### What you need to do
Leave every image out, and return the rest of the data word for word.

### Recorded information
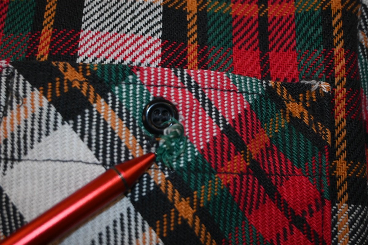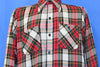 This awesome flannel was made back in the 70s by a brand called Mr. Leggs. While this brand used to be known for their stylish slacks, they also produced some sweet button downs like this one. The shirt features a colorful plaid pattern that includes shades of red, green, and off-white. It also has two chest pockets with button closures.
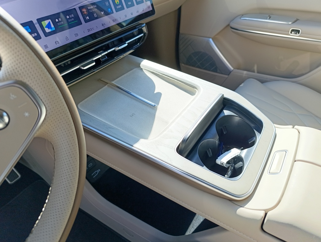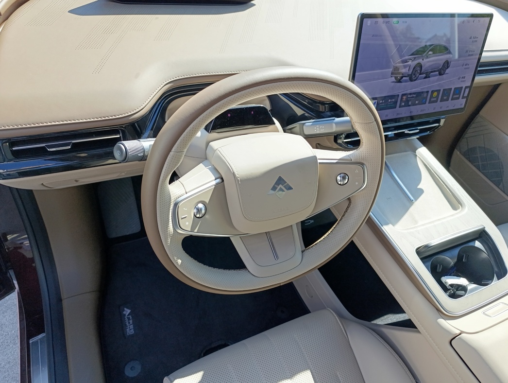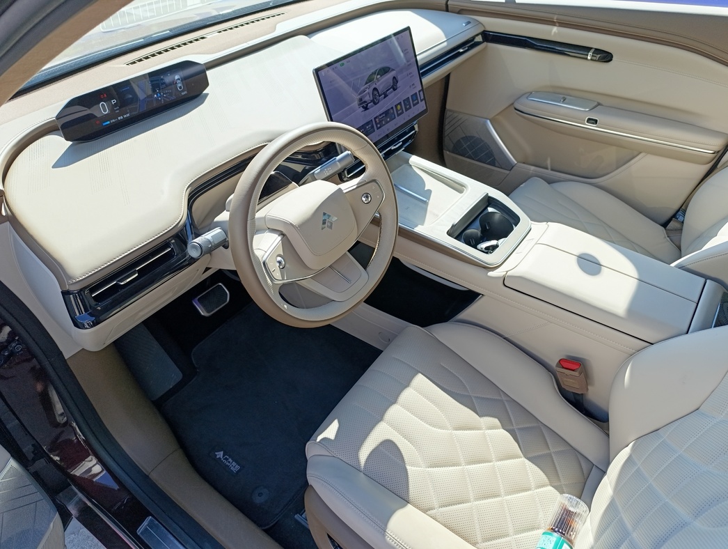 Салон исполнен с явным расчетом на публику, уставшую от спартанского минимализма Tesla. Отличная отделка кожей, мягкий пластик, аккуратная подсветка. По центру — большой сенсорный дисплей. А вот цифровая приборка — крошечная. Ее разместили почти у основания лобового стекла. В общем, типичный китайский подход.
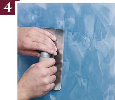 To finish, polish before complete drying with trowel or stainless steel spatula to enhance all its splendour, offering high gloss and extraordinary surface hardness.
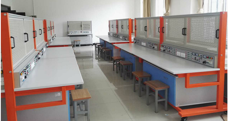 2 、實訓(xùn)桌桌面采用 25mm 麻灰色高密度層壓板封邊特制,有效提高絕緣等級;實驗桌底部裝有至少 4 個導(dǎo)向輪,方便實訓(xùn)臺架移動;

### Result
 This awesome flannel was made back in the 70s by a brand called Mr. Leggs. While this brand used to be known for their stylish slacks, they also produced some sweet button downs like this one. The shirt features a colorful plaid pattern that includes shades of red, green, and off-white. It also has two chest pockets with button closures.
 Салон исполнен с явным расчетом на публику, уставшую от спартанского минимализма Tesla. Отличная отделка кожей, мягкий пластик, аккуратная подсветка. По центру — большой сенсорный дисплей. А вот цифровая приборка — крошечная. Ее разместили почти у основания лобового стекла. В общем, типичный китайский подход.
 To finish, polish before complete drying with trowel or stainless steel spatula to enhance all its splendour, offering high gloss and extraordinary surface hardness.
 2 、實訓(xùn)桌桌面采用 25mm 麻灰色高密度層壓板封邊特制,有效提高絕緣等級;實驗桌底部裝有至少 4 個導(dǎo)向輪,方便實訓(xùn)臺架移動;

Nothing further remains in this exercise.